You have to look at emissions compared to usage to determine waste first, then looking at per capita makes more sense.
Apr 06, 2009
Rank: 1 / 5 (3)
What problem? It's the only meaningful way to compare emissions.
Of course they should, they are too small to matter however so others probably won't bother with trying to impose it on them.
What are you talking about? Emissions are emissions the usage is completely irrelevant.
If each US citizen is on average producing 5 times the amount of carbon dioxide each Chinese citizen is producing then US is 5 times "bigger polluter" then China.

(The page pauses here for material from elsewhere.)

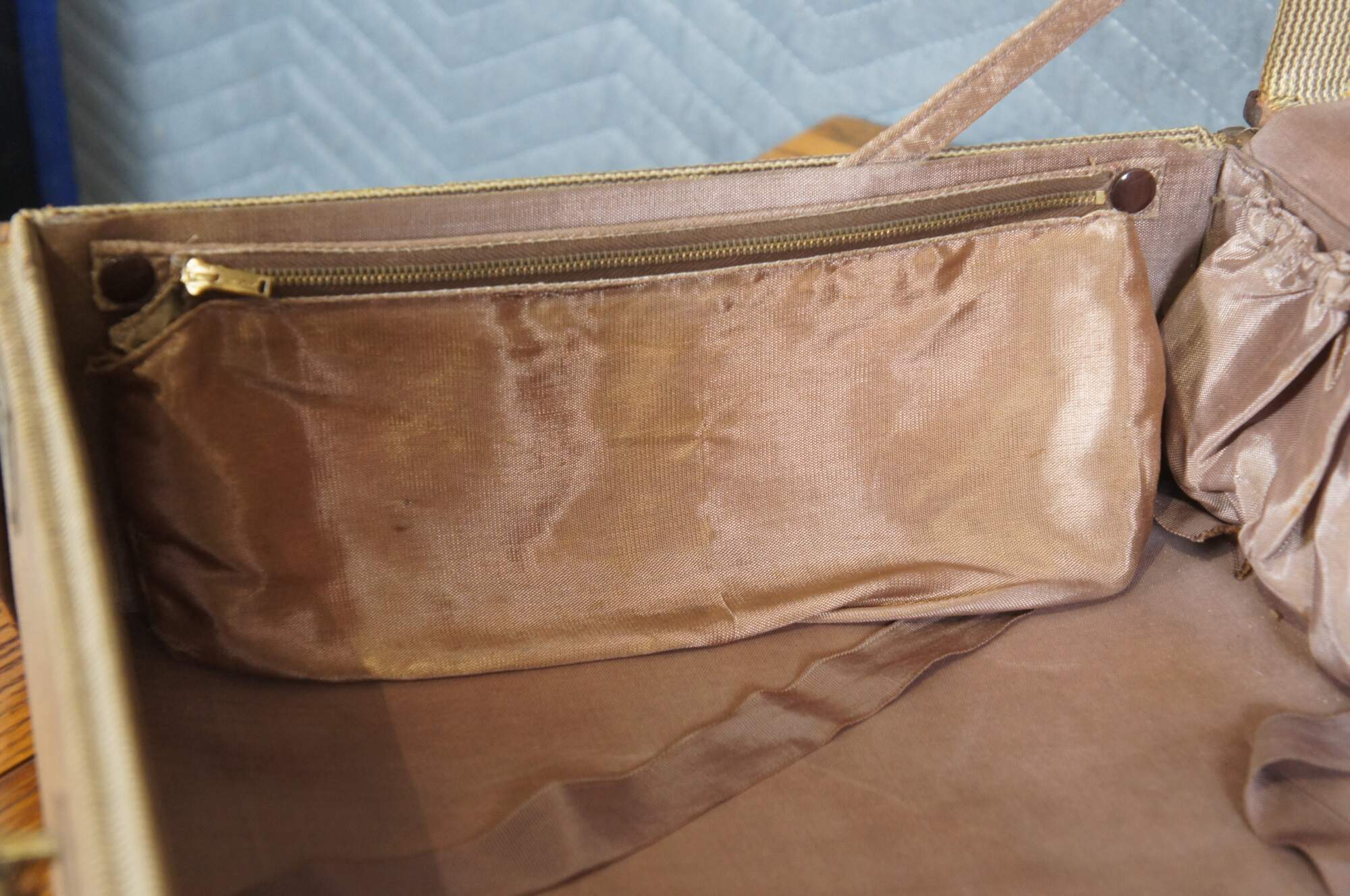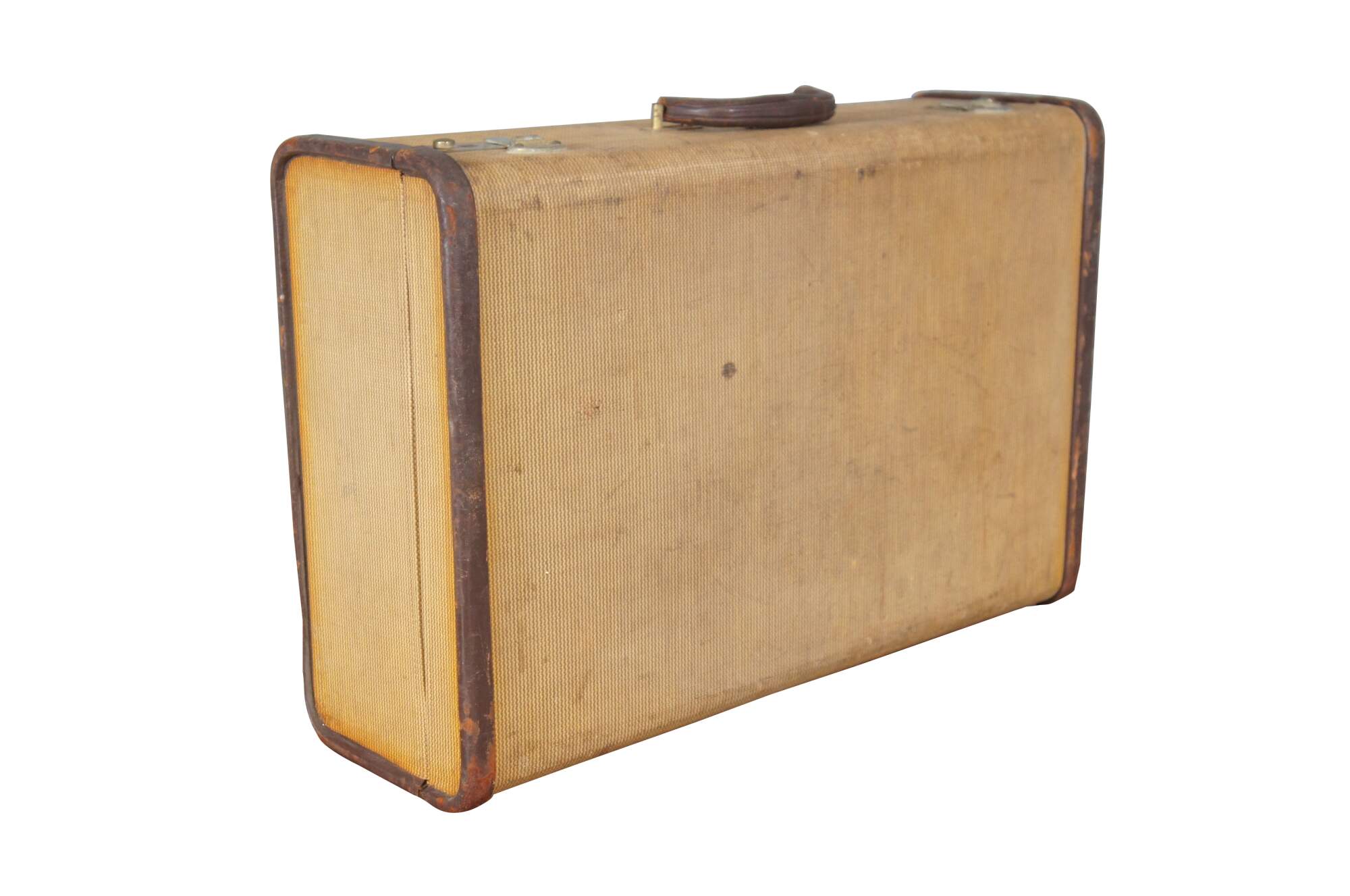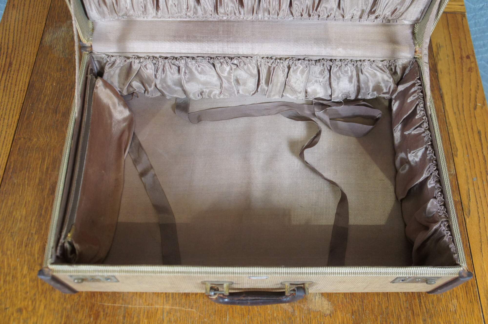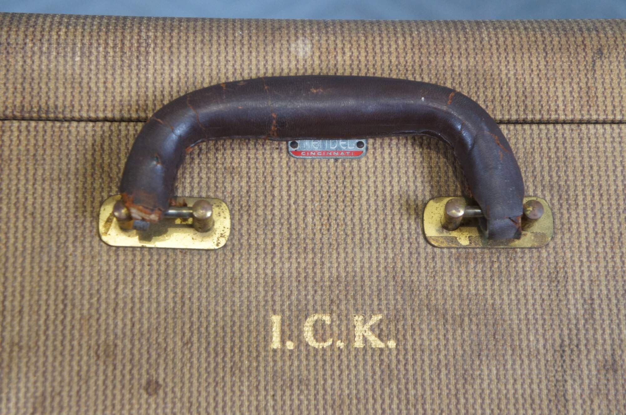 Early to mid 20th century hard sided suitcase by the Mendel Company of Cincinnati, Ohio. Light brown with dark brown leather trim and handle. Two lockable sliding latches (no key). Stamped with the initials / monogram I.C.K. in gold. Beige satin lining with two elasticized pockets in the lid and two sides of the base, plus one zippered pocket in the base.

The only way to question this conclusion is to argue that the Earth does not belong equally to all people and some have more right to produce emissions then others.
Apr 06, 2009
Rank: 5 / 5 (3)
Or China has 5 times the people, or their industry is not modernized, or they're utilizing less fuel to deliver the same amount of electricity, there are many many variables to this. To pin it to one statistic is not going to come up with a relevant way to determine regulation.
That is blatantly false.
The US generates more emissions per capita due to many things, one of which is our electricity usage. Are you saying that China produces fewer emissions on a level playing field with the US? So that would mean that electricity is equally available on a per capita basis, which it is not. Employment, heavy industry, standard of living, none of these things are equall between the US and China. What will the numbers look like a decade from now, when China has already upgraded their infrastructure and style of living? When their per capital emissions match that of the US will the total amount of emissions be equal? Of course not, no one is suggesting it will. Based on population alone China will become at least 3x the polluter that the US is.
Should we address it now or wait until they've already put an infrastructure in place?
I'm not trying to justify the US emissions figures, I certainly can't, but as we all know, it's easier to build an infrastructure once than it is to build it, and then rebuild it better later on. If emissions are to be addressed, then address them unilaterally by all nations with no exceptions.
Apr 06, 2009
Rank: 5 / 5 (2)
This is a good example on how to lie with numbers. If CO2 were a pollutant you would be worried about the total emissions and not the per person quantities.
Add to that the attempt to make it appear the the US is emitting far more that the rest of the world on that same per person basis (by removing other countries where they emit far more per person.) You are either interested in total emissions or per person emissions.